On the veranda, hat in hand, Patrick greeted Mary with a smile and introduced her to Jim and Millie Sawyer. Jim wore thick glasses perched on a wide nose that had a downward slant, giving him an inquisitive look. Millie, in a checkered print dress and starched apron dappled with spots of flour where she’d wiped her hands, had a square face with a thick chin, giving her a truculent look that quickly evaporated in her warm smile.
Because Jim and Millie lived in the casita, Mary was to occupy Matt’s bedroom, which had been cleaned and prepared for her with fresh bed linens, several soft pillows, and a set of neatly folded bath towels.

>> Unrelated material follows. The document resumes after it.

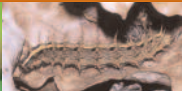
Silver-washed Fritillary breeds on violets in dappled shade (potential colonist)

He plopped her suitcase on the bed and told her the bathroom at the rear of the kitchen had indoor plumbing, a tub and a toilet, but cold water only, so if she wanted a warm bath, the kettle first needed to be heated on the cookstove.
“Where will you be sleeping?” she asked, looking around the room. On the dresser were the two framed, autographed Bill Mauldin cartoons he’d mentioned, and on the wall above the bed was a lovely pencil drawing of a saddled pony. A series of wall pegs held chaps, a battered cowboy hat, a pair of spurs, and an old, handmade hackamore. The room window looked out on the veranda and the basin beyond, the mountains lit up in delicate detail by the low afternoon light of coming winter.
“On my bedroll in the barn tack room. It’s quite comfortable.”
“I didn’t mean to put you out.”
Matt laughed. “You aren’t. It’s a sight better than bunking with my pa. I’m guessing Millie has something special cooked up for dinner. We’ll have time before we sit down to eat to take a nickel tour of the old homestead.”
“Just give me a minute,” Mary said.
“Take your time,” Matt said backing out of the open doorway. “I’ll wait for you on the veranda.”
After he closed the door, Mary took a close look at the Bill Mauldin cartoons that conveyed his classic tongue-in-cheek humor. It made her eager to know more about Matt’s war service.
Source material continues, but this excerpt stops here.